Your assignment> The answer must repeat every record exactly, with no pictures in it.

Dataset records>
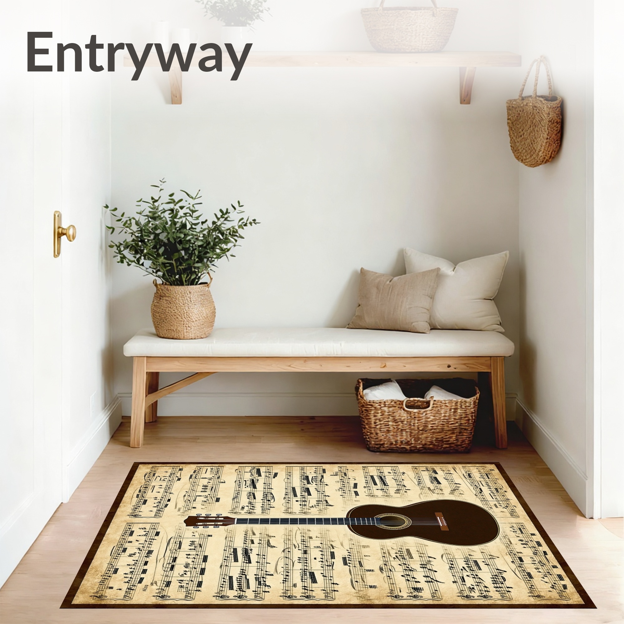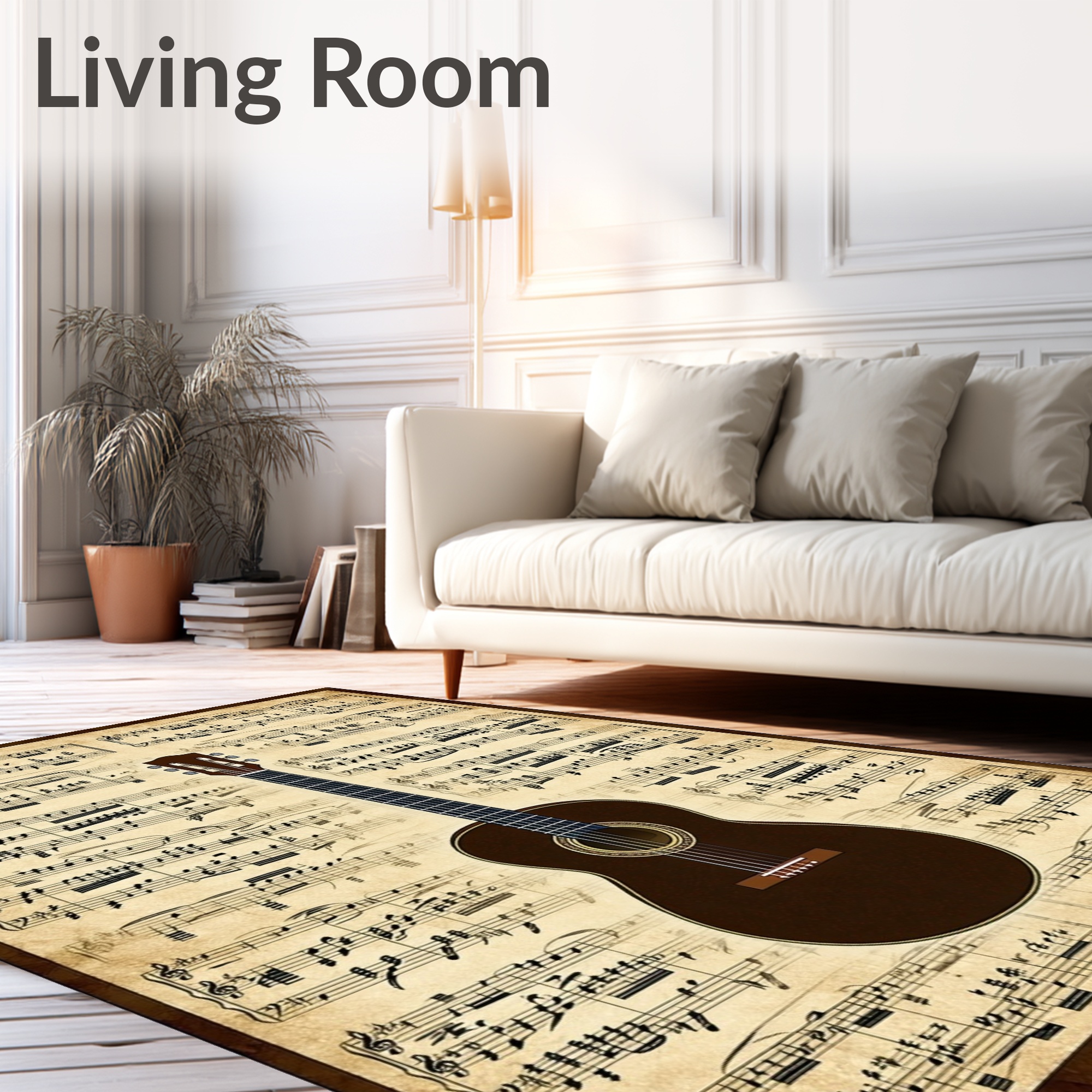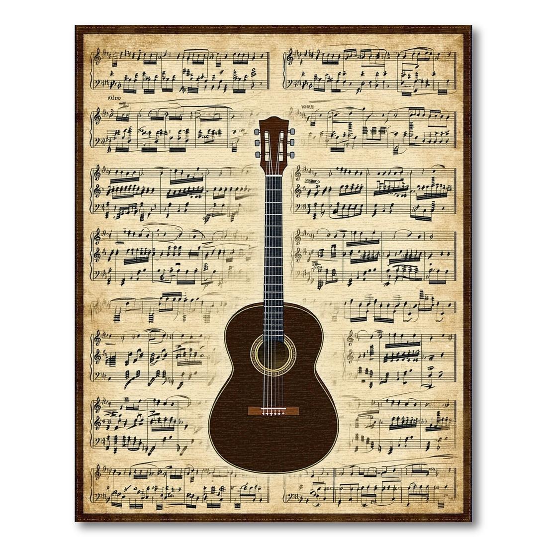 Vintage Beige Sheet Music & Guitar Nostalgic Rug
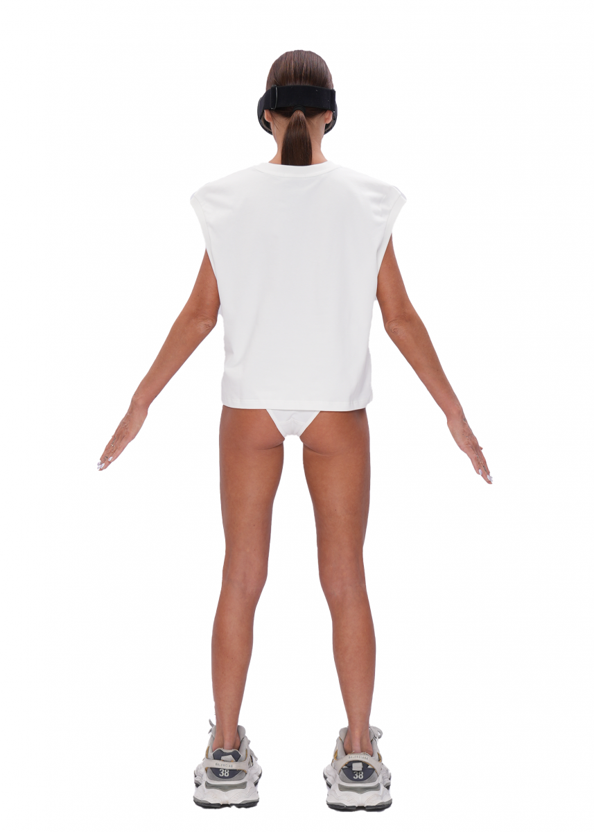 Верхний слой - укороченный топ оверсайз силуэта, имеет широкие плечевые вырезы, отлично подходит для носки и сочетания с летними обазами в жаркие дни, а так же поверх рубашек и лонгов для многослойных образов.
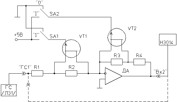 4.2.1. Установить, задавая цифровой код кнопками SA1 и SA2, значение коэффициента усиления усилителя приблизительно из середины диапазона его изменения.
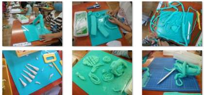 1年生は,粘土で作品作りに取り組んでいました。
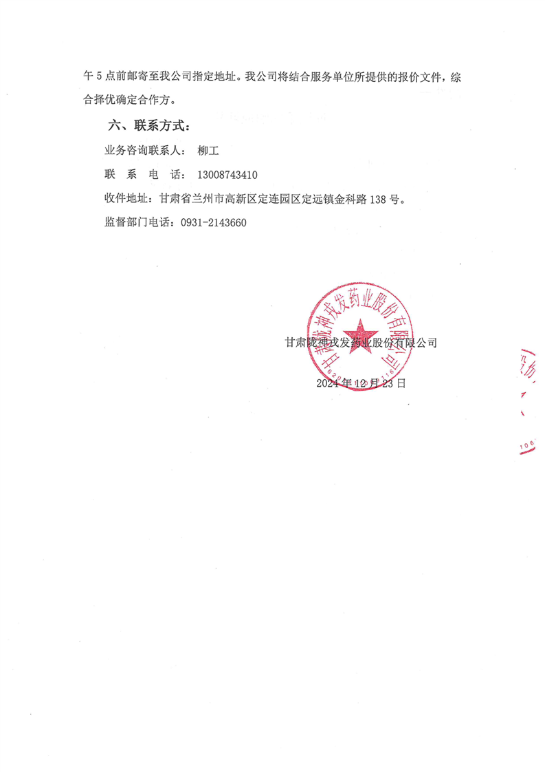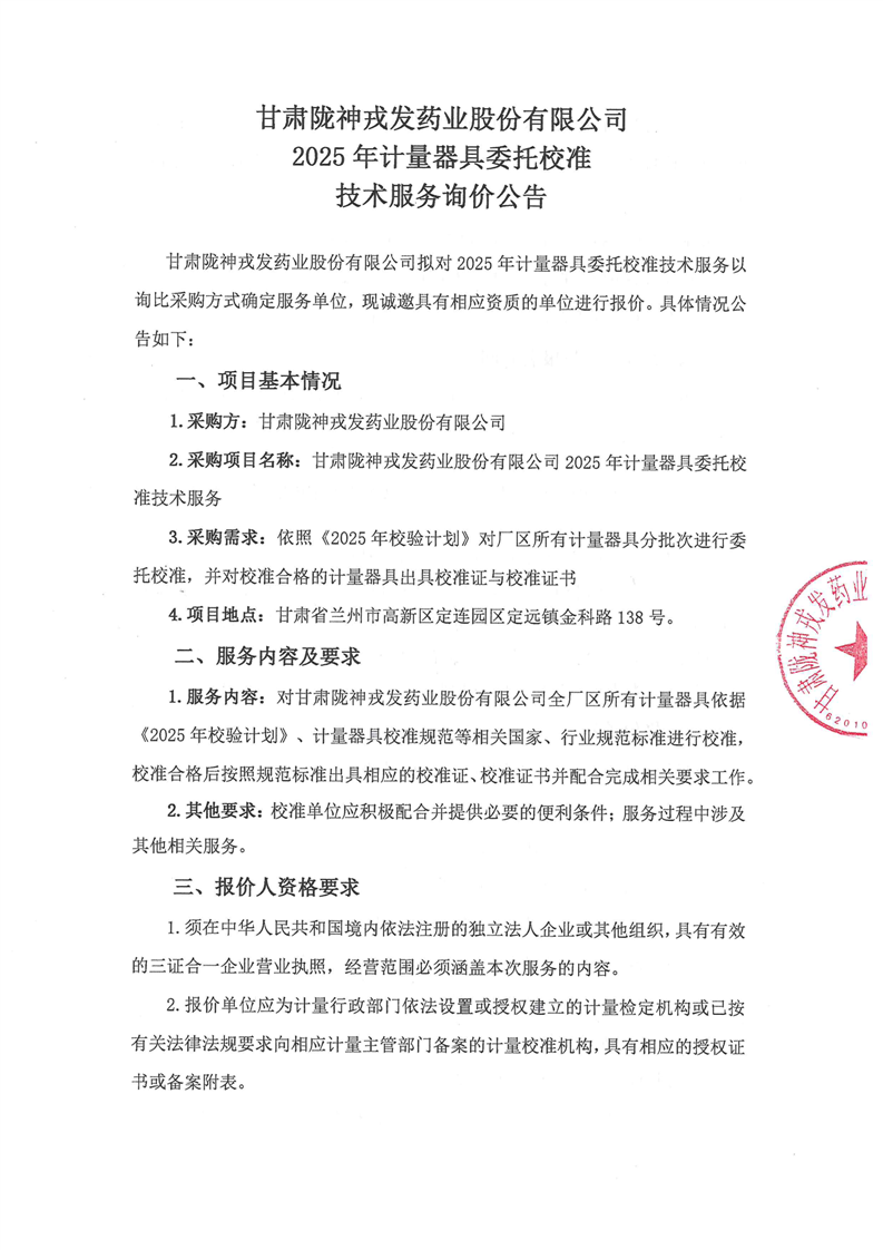 甘肅隴神戎發(fā)藥業(yè)股份有限公司2025年計(jì)量器具委托校準(zhǔn)技術(shù)服務(wù)詢(xún)價(jià)公告
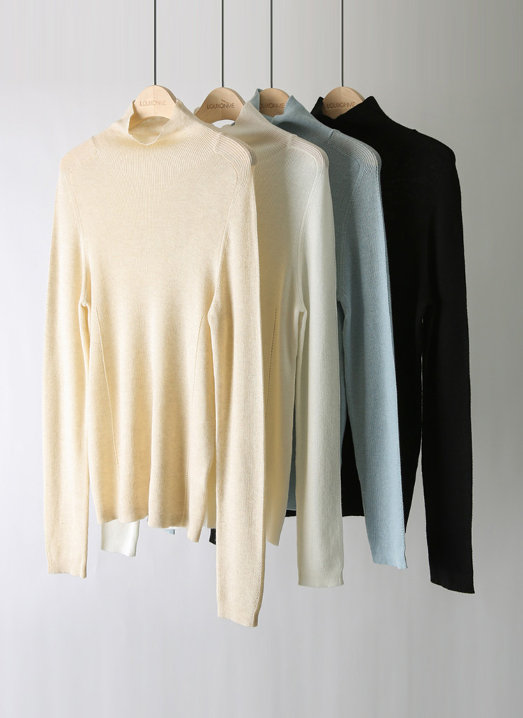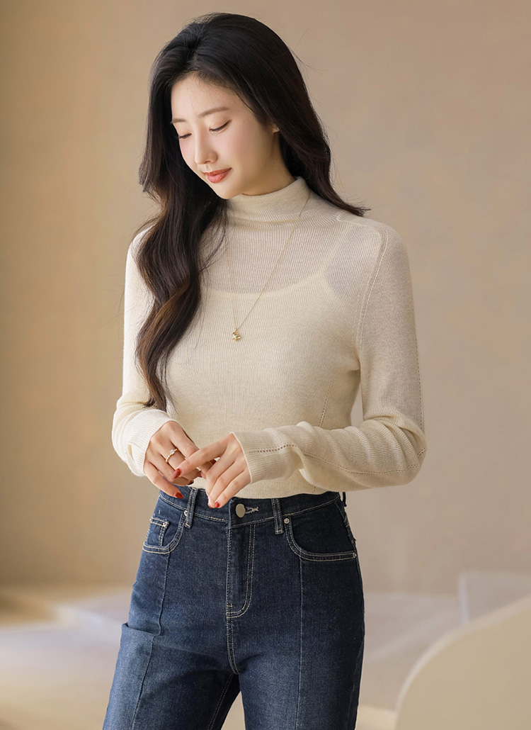 [Crafted from fine wool-blend yarn, this slim turtleneck features soft transparency and delicate punch details, creating a sleek silhouette ideal for everyday layering looks.]
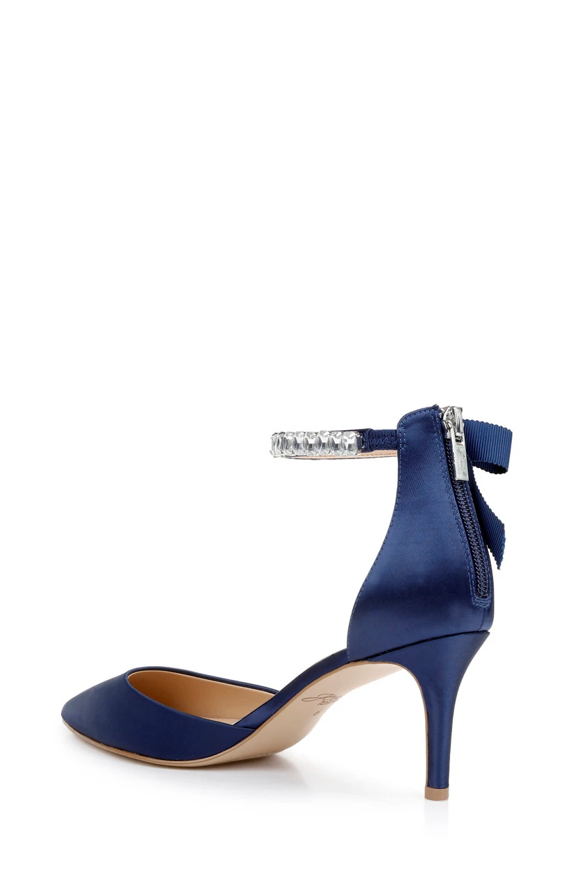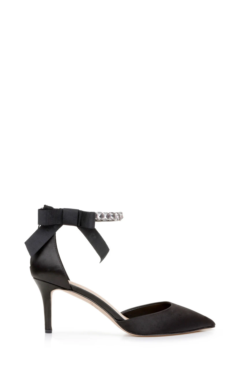 Make heads turn as you step forward in style in this pointed-toe mid heel stiletto. Stunning and chic, this style features a beautiful rhinestone ankle strap that is perfectly complemented by an elegant bow. For a similar open toe style, see Jayne.
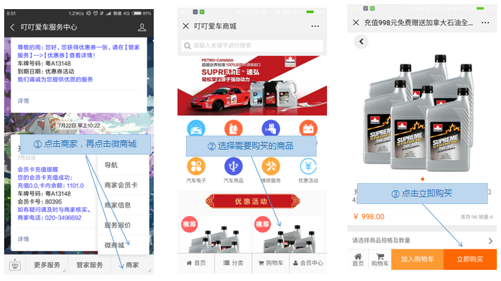 结合SaaS系统日常店务运营,提供给车主与店面的接收入口,由掌上车店提供定期的文章推送运营店面品牌,通过定制活动实现引流,车主了可以在店面公众号上查询活动与自身在店面所有的消费记录,查询车辆的保养进度等操作
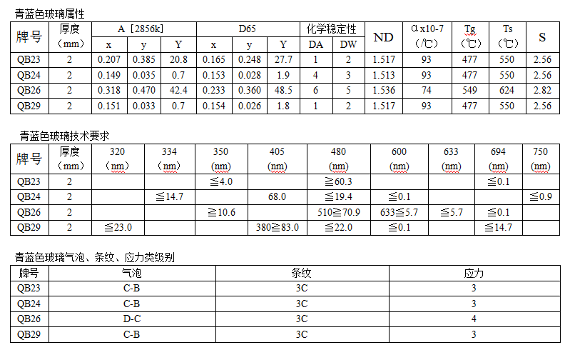 青藍色玻璃——牌號:QB23/QB24/QB26/QB29

Exercise solution>
 Vintage Beige Sheet Music & Guitar Nostalgic Rug
 Верхний слой - укороченный топ оверсайз силуэта, имеет широкие плечевые вырезы, отлично подходит для носки и сочетания с летними обазами в жаркие дни, а так же поверх рубашек и лонгов для многослойных образов.
 4.2.1. Установить, задавая цифровой код кнопками SA1 и SA2, значение коэффициента усиления усилителя приблизительно из середины диапазона его изменения.
 1年生は,粘土で作品作りに取り組んでいました。
 甘肅隴神戎發(fā)藥業(yè)股份有限公司2025年計(jì)量器具委托校準(zhǔn)技術(shù)服務(wù)詢(xún)價(jià)公告
 [Crafted from fine wool-blend yarn, this slim turtleneck features soft transparency and delicate punch details, creating a sleek silhouette ideal for everyday layering looks.]
 Make heads turn as you step forward in style in this pointed-toe mid heel stiletto. Stunning and chic, this style features a beautiful rhinestone ankle strap that is perfectly complemented by an elegant bow. For a similar open toe style, see Jayne.
 结合SaaS系统日常店务运营,提供给车主与店面的接收入口,由掌上车店提供定期的文章推送运营店面品牌,通过定制活动实现引流,车主了可以在店面公众号上查询活动与自身在店面所有的消费记录,查询车辆的保养进度等操作
 青藍色玻璃——牌號:QB23/QB24/QB26/QB29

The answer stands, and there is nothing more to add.